Un « hiver démographique » aux multiples impacts
La forte baisse de la fécondité est une tendance lourde mondiale (voir sur ce sujet notre article suite au rapport de l’UNFPA cette année). Les prévisions démographiques, par définition incertaines, ont pu aussi s’appuyer sur une hypothèse contestable, que nous avons analysée en 2022.
Beaucoup de modèles de prévision estiment que l’indice de fécondité se situera à moyen terme autour de 2, chiffre représentant le renouvellement naturel – c’est-à-dire sans immigration – des générations. Cette hypothèse est démentie dans de nombreux pays à faible fécondité depuis des décennies : Corée du Sud, Italie, Allemagne etc.
Les impacts de la baisse marquée de la natalité se font sentir et les effets se poursuivront dans les années, voire les décennies à venir. Déjà, le système scolaire est impacté. On estime à un demi-million d’enfants en moins à l’école primaire, sur les dix dernières années. Regroupement de classes, fermetures d’école en milieu rural se poursuivent.
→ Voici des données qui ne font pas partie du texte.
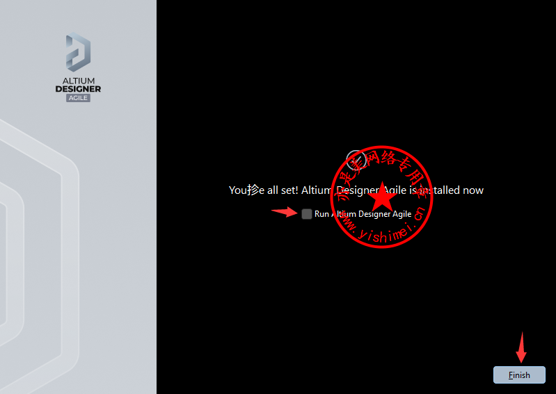 安装完成,去掉“Run Altium Designer Agile”前面的勾,点击“Finish”,暂不要打开软件,

Des répercussions sont attendues aussi sur le plan économique : baisse de nombre de travailleurs, même si l’allongement des carrières peut atténuer cet effet. L’Unedic, qui gère l’assurance chômage en France a publié un sondage en mai 2025 sur le sujet, notant les inquiétudes de la population active.
L’équilibre de notre système social, qui repose sur le soutien des retraités par les actifs, est impacté également. La question des retraites est régulièrement commentée dans l’actualité. Certains économistes font également un lien entre vieillissement de la population et baisse des innovations.
Au-delà des aspects économiques, c’est le visage de la société qui change. Une accélération du vieillissement a des répercussions dans la vie quotidienne. Une anecdote pour l’illustrer : au Japon, pays où la fécondité est constamment sous le seuil de 2 depuis 1975, des villages ont installé des mannequins grandeur nature pour diminuer le sentiment d’isolement.
Un grand absent des débats : l’accueil de la vie et la prévention de l’avortement
Si le sujet de la « dénatalité » est largement débattu depuis quelques temps, la question de l’accueil de la vie et de la prévention de l’avortement reste un angle mort du débat. Les IVG ont atteint en 2024 un nouveau record absolu depuis que des données publiques sont disponibles : 251 270 avortements.
Ces deux chiffres concomitants – faible natalité et nombre record d’IVG – devraient interroger les décideurs.
Alliance VITA plaide pour une politique globale d’accueil des vies commençantes, en donnant aux femmes et aux couples les moyens et les soutiens nécessaires. L’avenir de la société – et pas seulement l’économie – se dessine avec l’accueil de chaque vie humaine.